Page 59 of Wicked Player

To my shock, eighteen was stamped in bright white letters right across her front.

She was wearing my number. And seeing her in it knowing my name was stamped across her shoulder blades at the back, rocked me to my feet.

I hadn’t wanted Thursday to go as it had. I’d wanted to take my time with her, to slide inside of her and remove her blindfold, but there was something about the moment we shared after I took her off the cross, after I stripped out of my clothes and laid her on the bed.

I’d crawled up her body, kissing every inch of her skin, chuckling as she arched into me, rolled her hips up to meet mine.

I pinned her hands over her head, itching to remove her mask to see her eyes when she came. To finally see what she truly looked when I slid into her, but I’d stopped.

One more night with the anonymity even though she’d already given away she knew who I was. It was stupid to keep pretending. It was also immature.

But was I ready to take us public? For the first time in my professional life, I knew that moving forward with Elizabeth wouldn’t just change everything.

It risked everything as well.

Seeing her in my number?

Being with her was worth it.

I headed that way. A gaggle of kids were jumping and laughing. The healthier ones on their feet while the sicker ones were sitting in wheelchairs. And I finally admitted to myself that I wasn’t moving straight toward Elizabeth, the reporter, to answer more questions. It was her, laughing with the kids and showing how genuinely good she was that made me realize what I’d spent weeks trying to deny.

I started falling for the pretty little blonde as soon as I walked into that room weeks ago when she wore nothing more than a smile and white lace panties and I’d kept falling for her, when I saw how hard she worked and how much she loved the kids at the hospital.

This was a woman who had the potential to give me everything I’d always wanted.

At the wall in front of the kids, several teammates stood, signing autographs for the kids and their parents.

I headed there, forced my feet to move as I focused on settling my heart.

Her gaze, wild with excitement, head thrown back in laughter at something one of the kids at her side said to her landed on me and sobered.

A pink hue slid to the apples of her cheeks. The hint of her tongue slid across her bottom lip as her gaze went hazy.

Had I not been dressed for the game, that look would have made me drag her to the ground so I could myself to the hilt deep inside of her.

Damn.

“Hey! How are my brave favorite fans doing?” I called to the mass of kids screeching my name as I grew closer.

Kolby Jones, one of our other starting wide receivers, slapped my pads and our center, Matthews, gave me a chin lift. They signed a handful of notepads, shoved in their direction by the kids.

“Dude,” Jones said. “Some of these kids want to take our jobs from us someday.”

“Yeah?” I scanned the small crowd of excited faces and pointed to one of the kids in a wheelchair. Brandon was still too sick to come, but this kid looked like it was a risk for him to be there as well. “How about you? You want my job someday?”

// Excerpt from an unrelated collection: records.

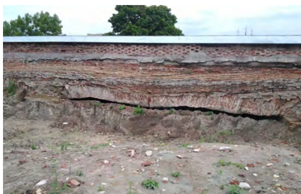
Меншиков бастион Петропавловской крепости. Обрушившиеся опорные арки и контрфорсы каменной крепости, возводимой в 1706 г. 2014 г.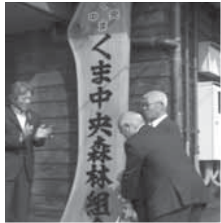
地元産木材に新名称を刻んだ看板がお披露目されました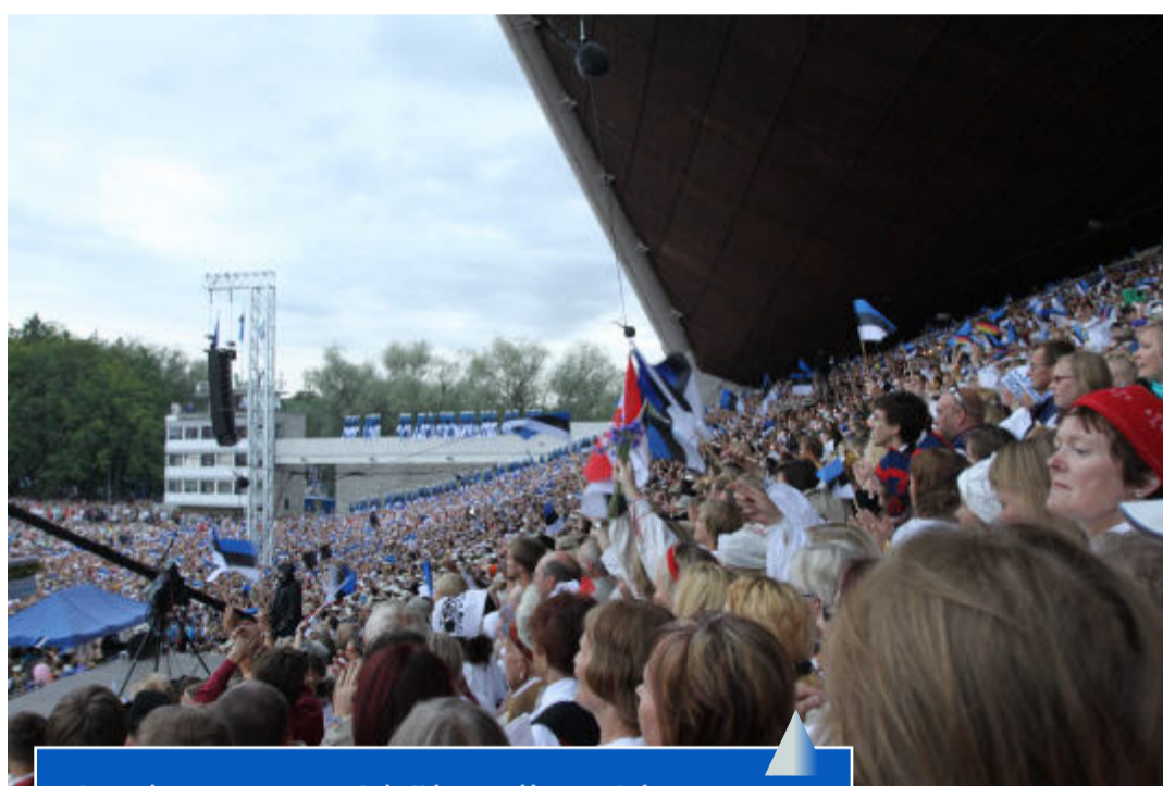
Laulupeo avasid ühendkoorid.

Ja siis algaski rivistus ning see oli suhteliselt karm kogemus. Just minu kõrval hakkas ühel lauljal paha ja ta polnud veel lavale jõudnudki. Rahvas oli nagu silgud pütis ja püüdis lavale pääsemiseni kuidagi (näiteks Õllepruulijat lauldes) aega veeta. Lavale pääsemine võttis ka oma- jagu aega, päris kahju oli vaesest liikumisjuhist, kes püüdis „pakitud“ inimmassi veelgi väik- semaks suruda.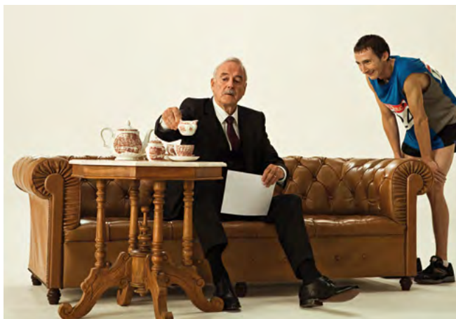
Spoty se věnují i britské klasice – čaji o páté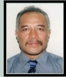
Hon. Tuisugaletauā Aliimalemanu Sofara Aveau

E faamālō foi i le Matāgaluega mo le tapenaga o lenei Fuafuaga Autasi, ma alo ane loa mo lona fa'atinoina aua se manuia o Samoa tapuai mai.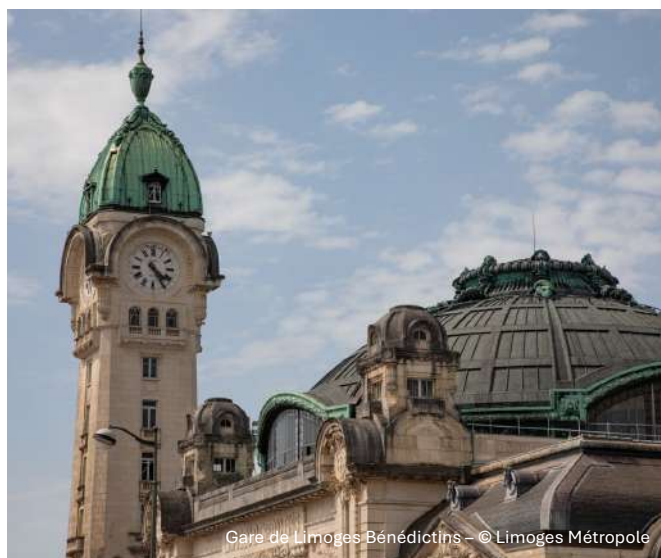
Gare de Limoges-Bénédictins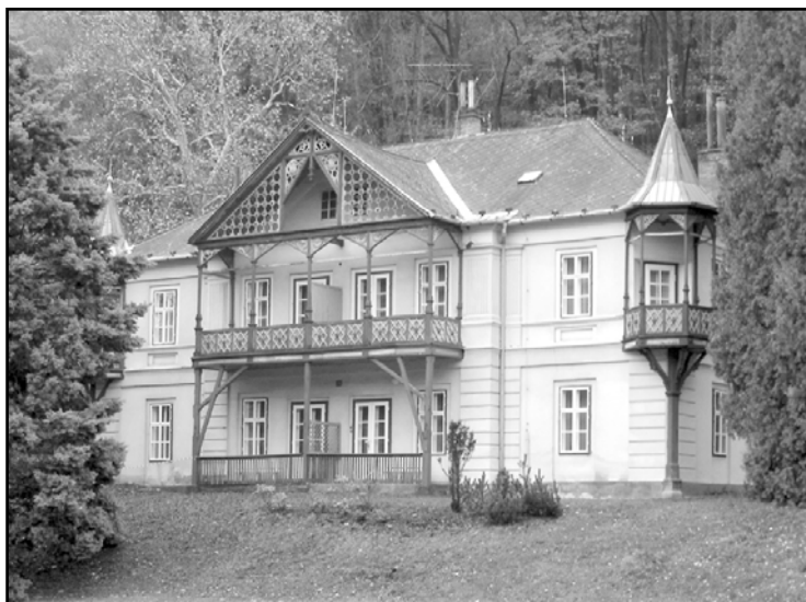
Z historického objektu bude za půl roku moderní, špičkový penzion.

Jde o pětistou dvanáctou známku, kterou Česká pošta vydala. A proč se rozhodla k této emisi? „Luhačovice patří k našim nejkrásnějším lázním. Krásnou přírodou citlivě doplňuje unikátní architektura lázeňských domů ve stylu lidové secese, která je dílem Dušana Jurkoviče,“ uvádí se v oficiálním prohlášení České pošty. (kra)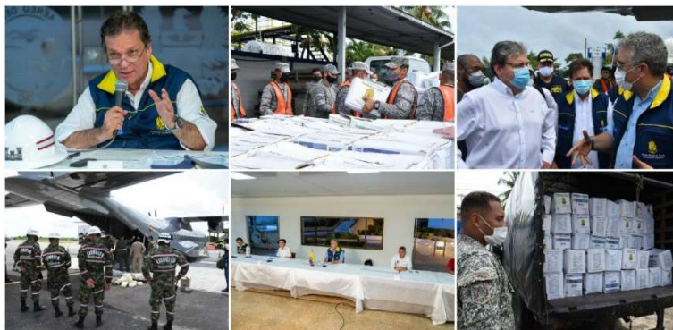
Figura 4. UNGRD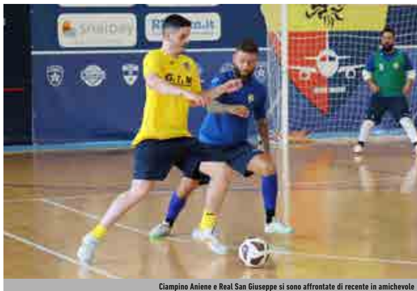
Ciampino Aniene e Real San Giuseppe si sono affrontate di recente in amichevole

una Serie A rivoluzionaria e rivoluzionata. Pronostici? Mai una campana ha vinto lo scudetto: nell'anno zero del futsal italiano, è il sogno del Napoli Futsal, l'obiettivo della Feldi Eboli, senza dimenticare che Sandro Abate e Real San Giuseppe sono competitive. In un campionato senza padrone, però, può succedere di tutto. Un motivo in più per seguirlo su SKY (che ha raddoppiato le dirette) o su Futsal TV e le sue 460 gare in streaming.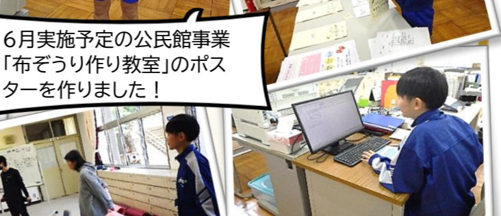
事務業務にも正確かつ丁寧に取り組みました。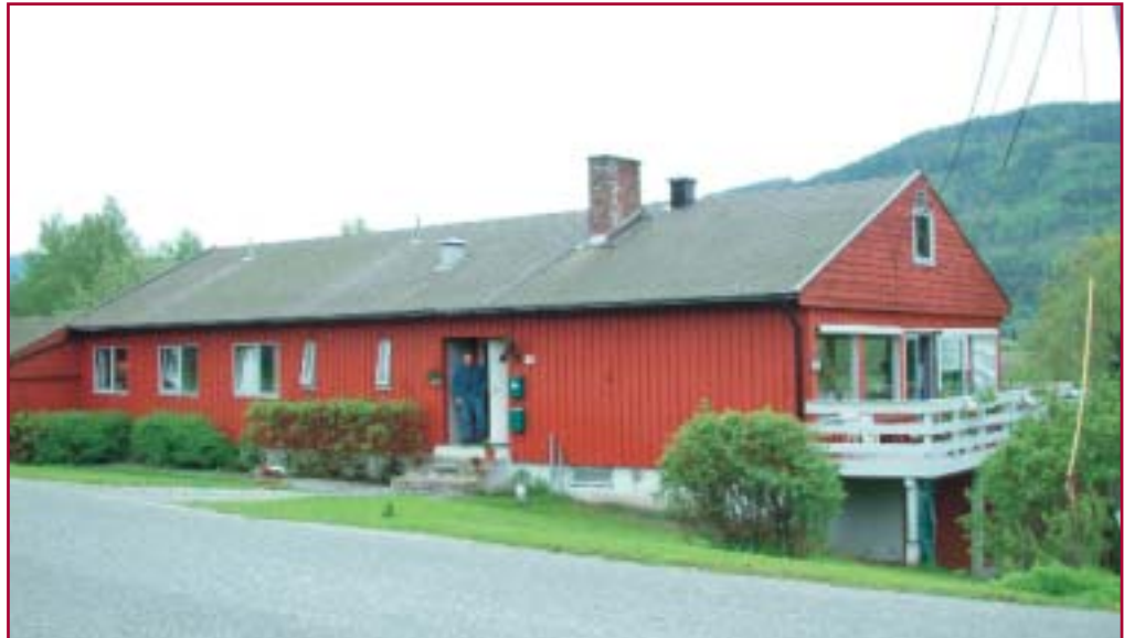
Drammen overgangsbolig ligger i et rolig villastrøk et stykke utenfor Drammen sentrum, mellom travbanen og Drammenselva, adresse Buskerudvn 195, telefon 32 82 21 17.

nale fengsel som baserer seg på inntak fra hele landet. Hovedtyngden av søknadene kommer likevel fra egen region. Vi har gode forbindelser som gir sysselsettingstilbud til de innsatte her, slik som Drammen Industri, som er en arbeidsmarkedsbedrift med mekanisk verksted og snekkerverksted. Vi bruker også Fretex. Bedriftene er veldig fornøyd med arbeidskraften som kommer herfra. Fordi de er inne i et soningsopplegg, er de stabil arbeidskraft. Skoletilbudet i Drammen er godt utbygd, og avstanden til Kongsberg og skolesentra i Vestfold gjør utdanningsmulighetene gode. Resten er i vanlige jobber. Alderen på beboerne varierer fra 20 til 67 år. I snitt er de mellom 30 til 40 år. De skal være i stand til sysselsetting og villige til å følge aktivitetskravene. Beboerne kommer ganske innpå hver-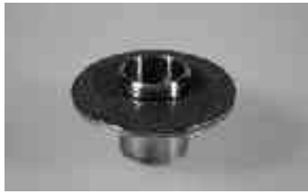
Facettschleifer / Bevel bit grob / rough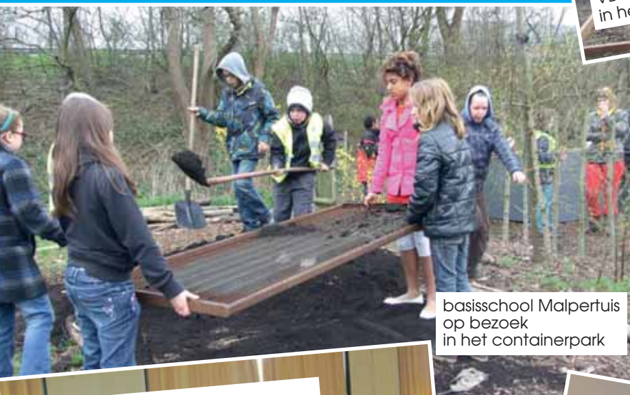
basisschool Malpertuis op bezoek in het containerpark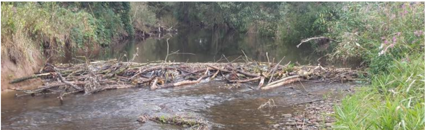
Einer der Biber bei der Arbeit.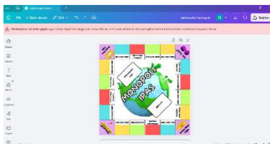
Gambar 2. Penambahan Nama dan Gambar

Kerangka papan monopoli berukuran 36cm x 36cm tersusun dari beberapa petak yang berjumlah 20 petak.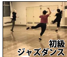
初級 ジャズダンス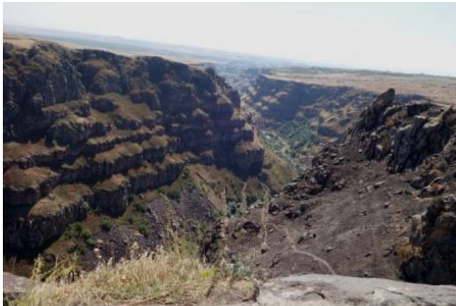
Vallée-canyon de la Kassakh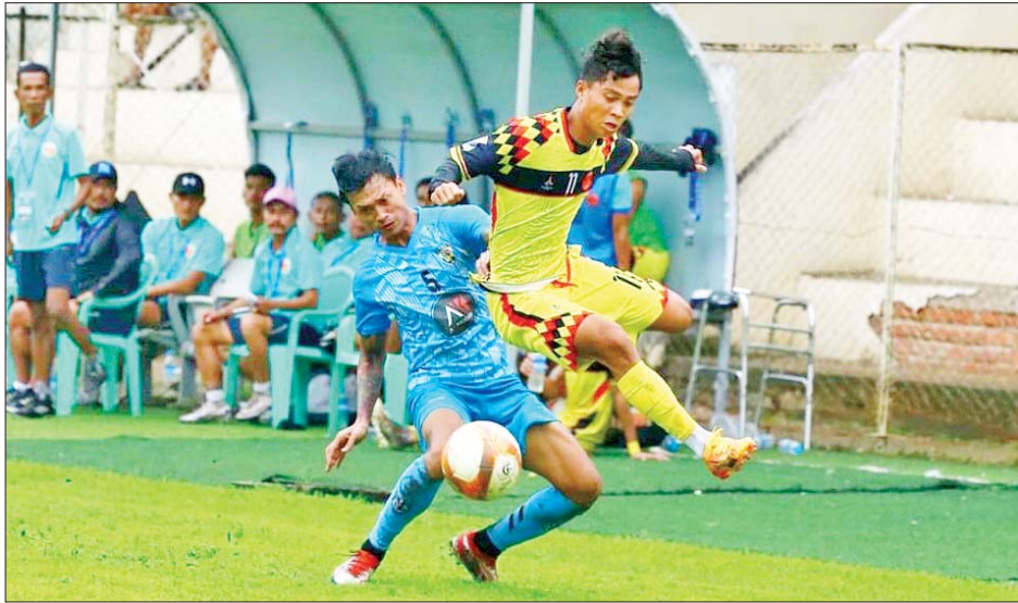
ရာမညယူနိုက်တက်အသင်းနှင့် ဧရာဝတီရိန်းဂျားအသင်းတို့ ယှဉ်ပြိုင်ကစားကြစဉ်။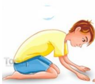
מנח גוף קיפוד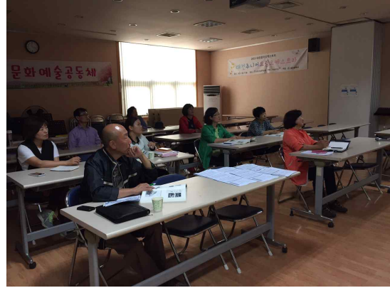
<진지하게 수업을 듣는 수강생들>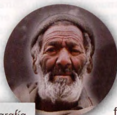
■ Fotografía de un habitante del valle de Hushé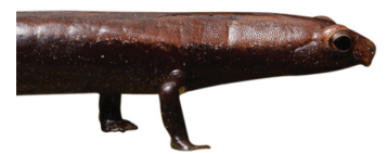
20 Bolitoglossa biseriata PLETHODONTIDAE Salamandra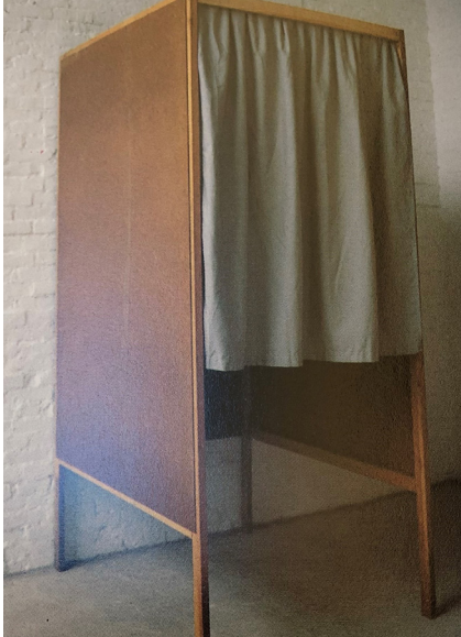
Mixed media H 200 x B 82 x D 108 cm Coll. Particuliere verzamelaar Vincent Vlasblom

Het stemhok in Composition trouvée is een vroege voorloper van het Stemhokkenmuseum . In Stemhokkenmuseum , vraagt Bijl zich af wat allemaal kunst kan of zou kunnen zijn. Hij stelt ook de drang van de kunstwereld om thematische tentoonstellingen te presenteren aan de kaak. Hij hekelt het museum als instituut en het artificiële van het presenteren van culturele objecten. Het ironische en bevragende museale discours van de kunstenaar nodigt iedere instelling, museum of parlement, uit om zichzelf te blijven bevragen en kritische stemmen toe te laten om verder te kunnen evolueren.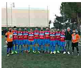
Dream Team: la battaglia per il terzo posto

“Nope.” He grinned, all teeth and stretched lips. “I’m gonna be Quarterback. But for Dallas.”

“You’ll have to work hard.”

He slapped his hands on the armrest. “As soon as I’m outta here I’m gonna start training.”

I laughed with the kid. He looked eight or ten. I guessed he was older. That was the thing about kids being sick, they grew old souls but their bodies took longer to catch up.

He shoved his football in my direction and I took it, scribbling my name on to it. “You get out of that, you get a hold of me. I’ll grab Beaux and we’ll teach you everything he knows.”

“Wow. Really?”

I tossed the football back into his lap and capped his pen. “Absolutely. What’s your name?”